Government coalition whip and Likud's head of national-religious sector MK Zeev Elkin on Wednesday praised a Peace Now report publicized on Wednesday on the high level of settlement construction during Prime Minister Benjamin Netanyahu's term in office.
Elkin thanked Peace Now for joining the Likud's election campaign efforts, though this was likely not the intention of the report. Likud has been steadily hemorrhaging voters to the settlement party Habayit Hayehudi, led by Naftali Bennett, and Elkin was on Wednesday waving the Peace Now report as proof that Netanyahu's government has the settlers' best interests at heart.
"The Peace Now report's findings, that the Likud-Beytenu government brought about unprecedented prosperity in Jewish community building," said Elkin, "proves once again what other Judea and Samaria Regional Council (Yesha) heads have already said, that whoever wants Israel to stand firm for its national, security and settlement interests needs to vote Likud.
"To continue the community-building momentum, I call on the supporters of the nationalist camp to take note of the rare accord between Peace Now and the Yesha Council and flood the voting station with Likud ballots," said Elkin.
Peace Now's report says that since taking office on March 31, 2009, the Netanyahu government's "policies and actions in the West Bank and east Jerusalem disclose a clear intention to use settlements to systematically undermine and render impossible a realistic, viable two-state solution to the Israeli-Palestinian conflict."
According to Peace Now, these policies and actions include: "Construction, tenders, approval of future construction, and planning for future construction in settlements located deep inside the West Bank, east of the approved route of Israel’s separation barrier; a record level of tenders, approval of future construction, and planning for future construction in settlements in east Jerusalem."

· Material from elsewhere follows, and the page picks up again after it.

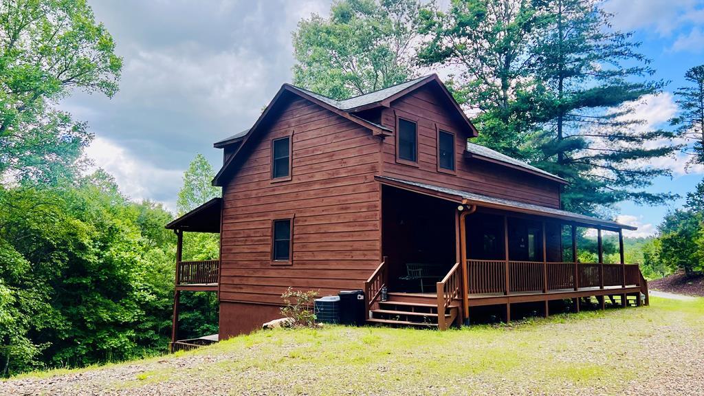 Do you want a lot of parking, a wraparound deck, three bedrooms and three baths with a flex space and a loft, and the opportunity to see beautiful nature year-round, including stunning mountain views? Then this property is definitely for you! Step into your mountain oasis, where captivating landscapes and peaceful living blend seamlessly. This exquisite three-bedroom, three-and-a-half-bath home is more than just a place to live; it's a gateway to a lifestyle marked by comfort and celebration. Inside, you're welcomed by a magnificent fireplace that radiates warmth, perfectly accentuating the elegant wood interiors and creating a cozy atmosphere. The main level hosts the primary suite, ensuring convenience and privacy, while a well-placed washer and dryer add to the ease of daily life. Picture yourself savoring morning coffee on the spacious wraparound deck, serenaded by birdsong. With plenty of parking available, this home is perfect for hosting vibrant gatherings or intimate dinners. Enjoy entertaining on the expansive decks or relaxing in the covered patio's soothing jacuzzi—this property truly makes life enjoyable. Various outdoor spaces invite you to appreciate nature's beauty, providing the ultimate backdrop for both relaxation and celebration. Head upstairs to discover a flexible loft area, ideal for a home office, art studio, or playroom. Each floor features generously sized bedrooms, each with its own full bathroom, ensuring comfort and privacy for everyone. With a bedroom on the main level, another upstairs, and one in the basement, there's ample space for family and friends. Conveniently located just minutes from Blairsville, Young Harris, and Murphy, this mountain retreat perfectly balances tranquility and accessibility. Don't miss the chance to own this peaceful haven—your dream home is waiting! Furniture is negotiable.

Netanyahu's government, according to Peace Now, has also adopted, "a formal policy that favors legalizing illegal settlement construction — leading both to additional illegal construction and new illegal outposts, and to the establishment of new settlements for the first time in decades," while providing "preferential funding for settlers and settlements, including funding projects intended to Israelis for keeping settlements — including settlements deep inside the West Bank — as a permanent part of Israel."
According to the report, under Netanyahu's government, construction began on 6,867 new housing units in settlements. Of these, 2,622 (38.2 percent) are in isolated settlements located east of the planned route of Israel’s separation barrier; 2,217 (32.3%) are in settlements west of the constructed route of the fence; and 2,028 (29.5%) are between sections of the fence that are already built and the planned route for the rest of the barrier.
Over the past two years alone, the Netanyahu government has issued tenders for 4469 housing units in settlements in the West Bank and east Jerusalem, the report stated. "These approvals pave the way for a huge increase in settlement construction in the coming years," the report states.
The report did point out that "some of this construction was approved under previous governments."
According to the Finance Ministry for the Central Bureau Statistics, the Netanyahu government provided at least NIS 3.7 billion in surplus funding to settlements between 2009 and 2012, the report stated. According to the Israeli Central Bureau of Statistics (CBS), between 2009 and 2011, investment in settlements grew by at least 38%, the report found.
Hatnuah Chairwoman Tzipi Livni also responded to the Peace Now report, saying: "Netanyahu is destroying Israel's international relations and sacrificing its national interests in favor of political interests on the eve of elections. The Netanyahu government's priorities include his natural coalition partners, the extreme right-wing and the ultra-Orthodox in Tapuah and Yitzhar, and not the sane Zionist majority in Israel, the Negev and the Galilee.
"Netanyahu's policies cause Israel to lose twice — once because of its continued isolation in the international arena and twice by weakening the Jewish communities [in the West Bank] and the large settlement blocs, through his lack of differentiation between extraneous and damaging construction in political settlements and legitimate construction and preservation of the large [population] blocs."
In related news, the Housing and Construction Ministry on Wednesday announced tenders for the construction of new housing units in Kiryat Arab and Efrata, both communities over the Green Line in Judea and Samaria. The tender for the Givat Haharsina neighborhood in Kiryat Arba near Hebron is for 84 units in two sites. The tender for Efrata's Givat Hatamar neighborhood is for 114 new housing units in four lots.